### To do
The reply should hold only the lines below beginning at the one with "Для начала, необходимо" and ending at the one with "演技練習のかたわら、スタッフのお母さんやおばあちゃん、お姉ちゃんが", copied exactly, with every picture left out.

### Records provided
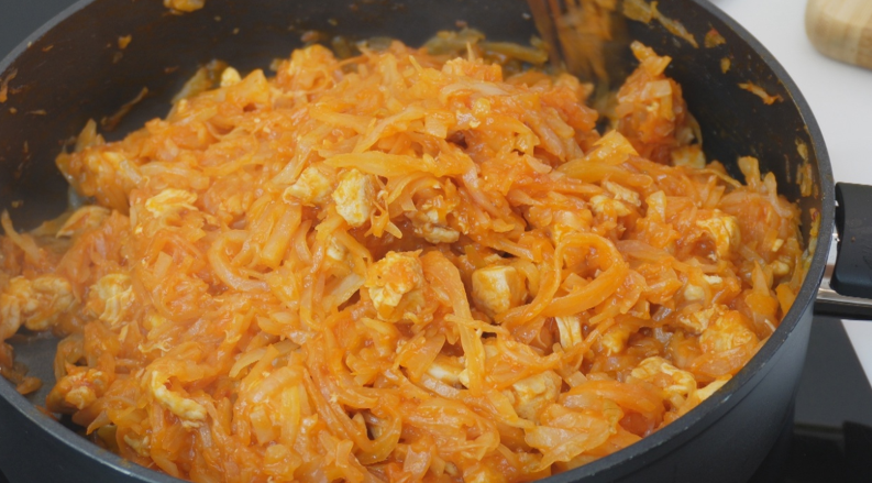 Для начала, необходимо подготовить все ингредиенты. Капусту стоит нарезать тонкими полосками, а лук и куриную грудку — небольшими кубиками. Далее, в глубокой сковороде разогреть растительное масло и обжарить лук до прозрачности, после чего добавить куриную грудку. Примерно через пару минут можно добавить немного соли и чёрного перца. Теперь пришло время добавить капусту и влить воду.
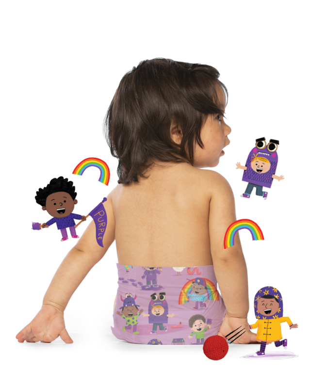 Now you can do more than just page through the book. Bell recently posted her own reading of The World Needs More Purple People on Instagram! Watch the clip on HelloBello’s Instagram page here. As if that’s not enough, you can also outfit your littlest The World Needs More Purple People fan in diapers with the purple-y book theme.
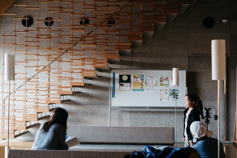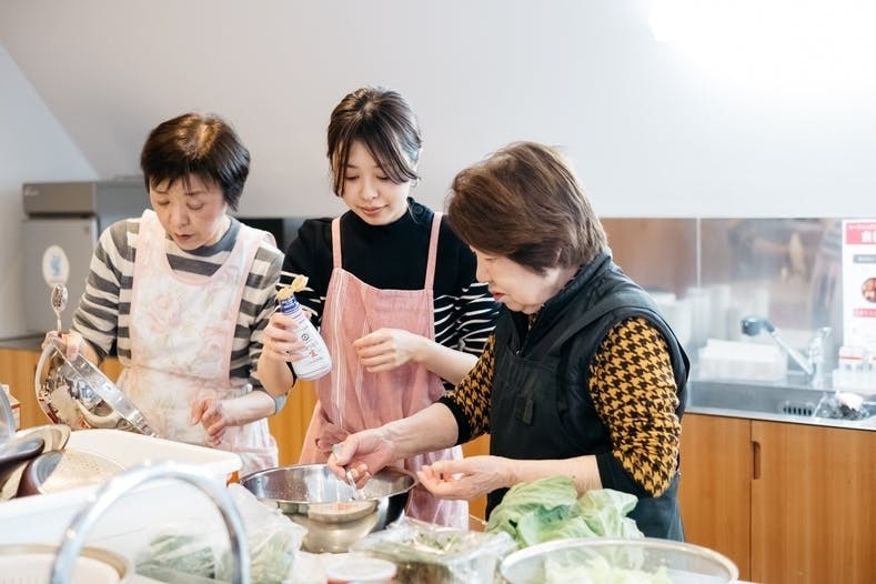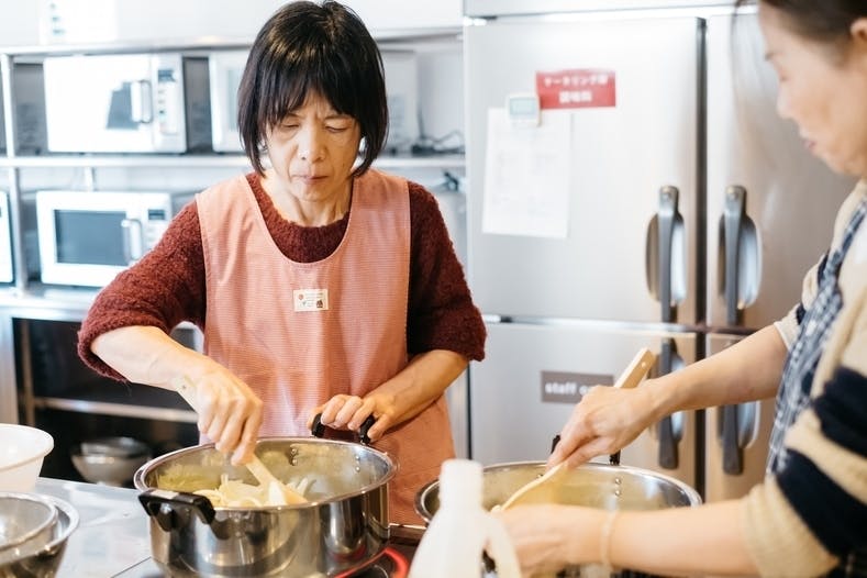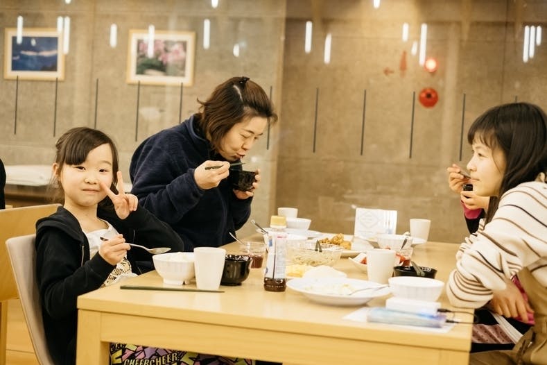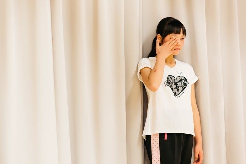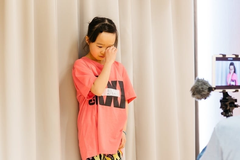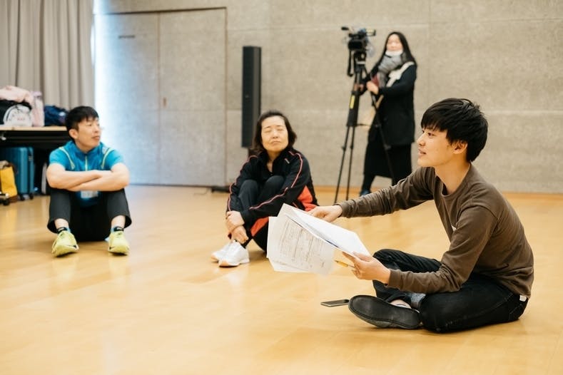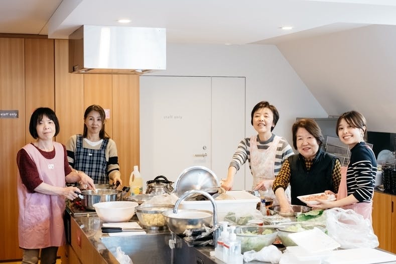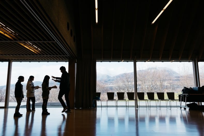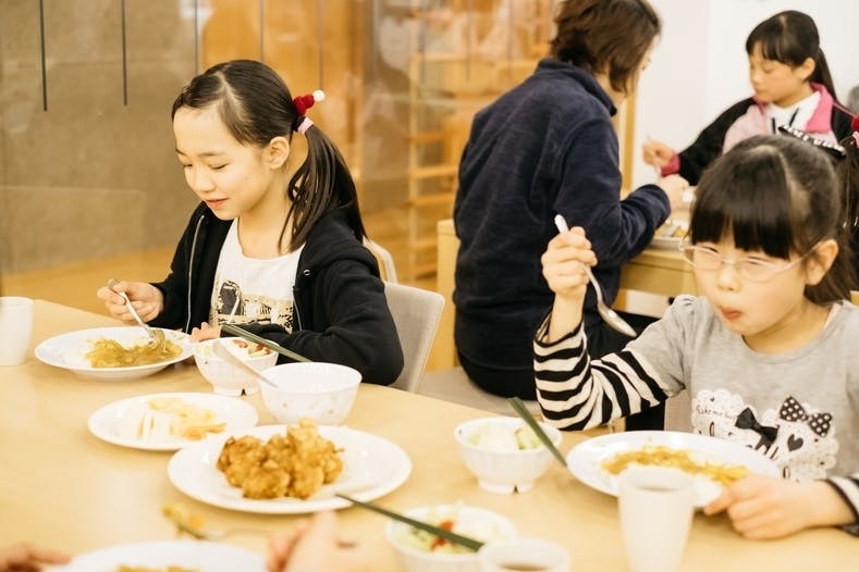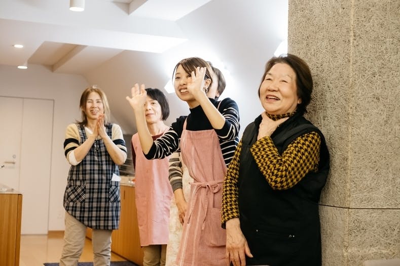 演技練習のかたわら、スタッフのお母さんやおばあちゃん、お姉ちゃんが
==
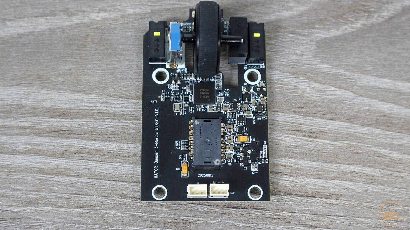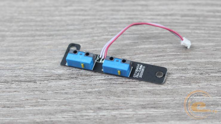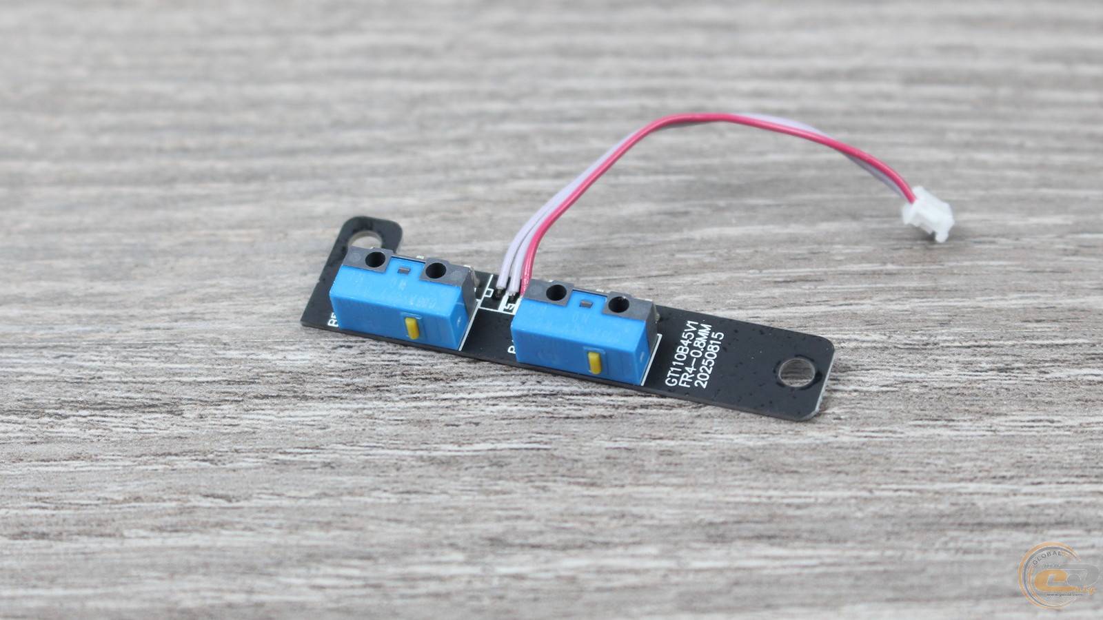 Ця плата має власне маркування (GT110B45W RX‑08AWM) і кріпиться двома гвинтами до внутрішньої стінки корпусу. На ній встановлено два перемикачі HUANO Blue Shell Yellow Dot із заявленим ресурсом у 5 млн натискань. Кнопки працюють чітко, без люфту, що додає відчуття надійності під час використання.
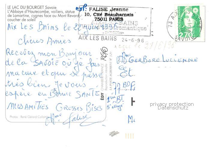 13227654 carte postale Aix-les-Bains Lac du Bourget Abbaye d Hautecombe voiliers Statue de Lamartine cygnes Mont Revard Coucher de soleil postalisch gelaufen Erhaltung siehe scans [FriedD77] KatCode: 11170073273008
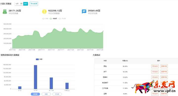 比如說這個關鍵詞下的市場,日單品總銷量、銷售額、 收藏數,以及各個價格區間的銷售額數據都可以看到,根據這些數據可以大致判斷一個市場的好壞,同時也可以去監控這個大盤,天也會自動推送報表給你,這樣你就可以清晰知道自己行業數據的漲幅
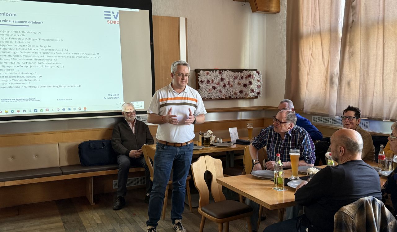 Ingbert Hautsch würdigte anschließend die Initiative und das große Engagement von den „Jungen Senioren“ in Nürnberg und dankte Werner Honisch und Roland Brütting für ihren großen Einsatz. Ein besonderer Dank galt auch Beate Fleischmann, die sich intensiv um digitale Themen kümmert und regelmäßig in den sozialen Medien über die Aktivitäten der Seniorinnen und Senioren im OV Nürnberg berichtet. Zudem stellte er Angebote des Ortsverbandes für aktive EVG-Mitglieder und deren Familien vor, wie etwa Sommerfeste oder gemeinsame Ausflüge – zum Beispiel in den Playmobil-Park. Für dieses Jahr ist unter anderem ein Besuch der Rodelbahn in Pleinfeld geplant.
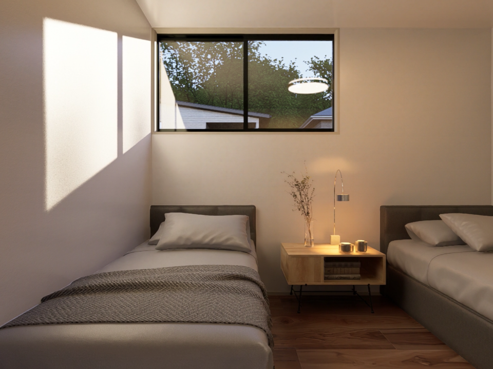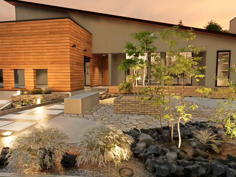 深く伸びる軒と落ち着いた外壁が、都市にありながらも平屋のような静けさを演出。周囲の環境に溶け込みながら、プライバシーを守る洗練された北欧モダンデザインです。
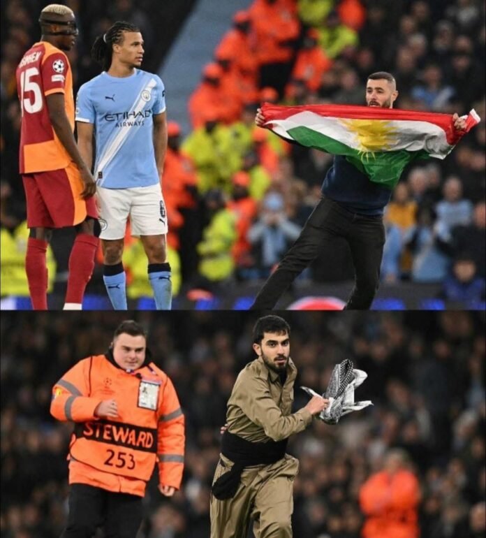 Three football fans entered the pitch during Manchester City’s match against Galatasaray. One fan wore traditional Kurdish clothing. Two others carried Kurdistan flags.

### Response to this exercise
 Для начала, необходимо подготовить все ингредиенты. Капусту стоит нарезать тонкими полосками, а лук и куриную грудку — небольшими кубиками. Далее, в глубокой сковороде разогреть растительное масло и обжарить лук до прозрачности, после чего добавить куриную грудку. Примерно через пару минут можно добавить немного соли и чёрного перца. Теперь пришло время добавить капусту и влить воду.
 Now you can do more than just page through the book. Bell recently posted her own reading of The World Needs More Purple People on Instagram! Watch the clip on HelloBello’s Instagram page here. As if that’s not enough, you can also outfit your littlest The World Needs More Purple People fan in diapers with the purple-y book theme.
 演技練習のかたわら、スタッフのお母さんやおばあちゃん、お姉ちゃんが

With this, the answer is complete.